02-18-2017 08:02 AM - edited 03-08-2019 09:24 AM
Hi,
R1----1gigR2gig3----R3
R2 deny outbound HTTP traffic on its interface gig3, if the traffic received on gig1 and CEF table put it on gig3, for the HTTP traffic, will it be denied on gig1 or gig 3?
02-18-2017 11:54 AM
Hello,
not sure I understand what you are asking...
If you apply the access list to Gig3, that is where it will be denied.
02-18-2017 12:29 PM
Hi
Please correct me if Im wrong.
You have a destination IP and it is known through R3 on R2, and an ACL is configured under the Gig3 interface in order to block http traffic to that destination, the ACL will be independent of CEF or routing table. In few words, you will have the destination entry on your routing table and CEF no matter you are blocking the http traffic under the Gig3 to that destination.

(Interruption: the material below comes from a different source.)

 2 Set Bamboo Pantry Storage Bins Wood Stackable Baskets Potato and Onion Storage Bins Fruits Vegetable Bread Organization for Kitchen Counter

Other thing is you are using an ACL + filter method on some routing protocol, but I think it is not the case.
:-)
02-18-2017 12:50 PM
Hi ,
Outbound—If the access list is outbound, after the software receives and routes a packet to the outbound interface, the software checks the criteria statements of the access list for a match. If the packet is permitted, the software transmits the packet. If the packet is denied, the software discards the packet.
Inbound —If the access list is inbound, when the router receives a packet, the Cisco IOS software checks the criteria statements of the access list for a match. If the packet is permitted, the software continues to process the packet. If the packet is denied, the software discards the packet.
HTH
Regards,
VS.Suresh.
02-19-2017 06:57 AM
Hi,R1----1gigR2gig3----R3
R2 deny outbound HTTP traffic on its interface gig3, if the traffic received on gig1 and CEF table put it on gig3, for the HTTP traffic, will it be denied on gig1 or gig 3?
Hi ,
As Explained by others , Just giving a gist of definition with flow for your reference.

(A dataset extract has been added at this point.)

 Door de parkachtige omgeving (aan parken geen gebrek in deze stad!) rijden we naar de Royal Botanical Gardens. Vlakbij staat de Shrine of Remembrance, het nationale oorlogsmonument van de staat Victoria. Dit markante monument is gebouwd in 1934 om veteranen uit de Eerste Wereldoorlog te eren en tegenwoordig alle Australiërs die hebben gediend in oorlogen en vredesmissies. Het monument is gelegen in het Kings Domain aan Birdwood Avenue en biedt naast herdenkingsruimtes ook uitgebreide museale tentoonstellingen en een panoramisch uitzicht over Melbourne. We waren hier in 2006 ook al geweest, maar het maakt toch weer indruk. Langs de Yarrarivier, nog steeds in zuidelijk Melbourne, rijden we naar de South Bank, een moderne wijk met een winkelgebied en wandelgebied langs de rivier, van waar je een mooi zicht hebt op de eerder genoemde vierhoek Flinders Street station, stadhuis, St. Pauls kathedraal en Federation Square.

As per Cisco Documentation below is the definition for ACL direction.
Mainly What happens is , Inbound ACL software checks first and based on decision packets gets permitted or discarded.

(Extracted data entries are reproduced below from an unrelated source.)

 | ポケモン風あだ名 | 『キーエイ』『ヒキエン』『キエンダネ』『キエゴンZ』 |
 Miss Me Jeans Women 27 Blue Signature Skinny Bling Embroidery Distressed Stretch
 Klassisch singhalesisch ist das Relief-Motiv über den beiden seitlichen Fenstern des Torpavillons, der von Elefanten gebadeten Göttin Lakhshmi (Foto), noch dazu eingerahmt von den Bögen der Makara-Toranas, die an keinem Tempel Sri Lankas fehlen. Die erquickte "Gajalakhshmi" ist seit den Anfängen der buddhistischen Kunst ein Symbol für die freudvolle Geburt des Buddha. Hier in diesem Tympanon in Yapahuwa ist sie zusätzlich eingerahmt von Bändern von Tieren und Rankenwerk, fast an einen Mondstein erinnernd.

With Outbound ACL Software receives and route to Outgoing Interface , then software checks for criteria and based on decision packets gets permitted or discarded.
Just with Flow for your reference
Inbound means the traffic coming towards the port from outside
Outbound means the traffic going outside, it must have entered through some other port.
Internet<---[ (Gi1) Router (Gi2) ]<----Host
If ACL is placed at Gi2
Inboud: Traffic coming from Host will be filtered
Outbout: Traffic from Internet going towards host will be filtered.
Hope it Helps.
-GI
Discover and save your favorite ideas. Come back to expert answers, step-by-step guides, recent topics, and more.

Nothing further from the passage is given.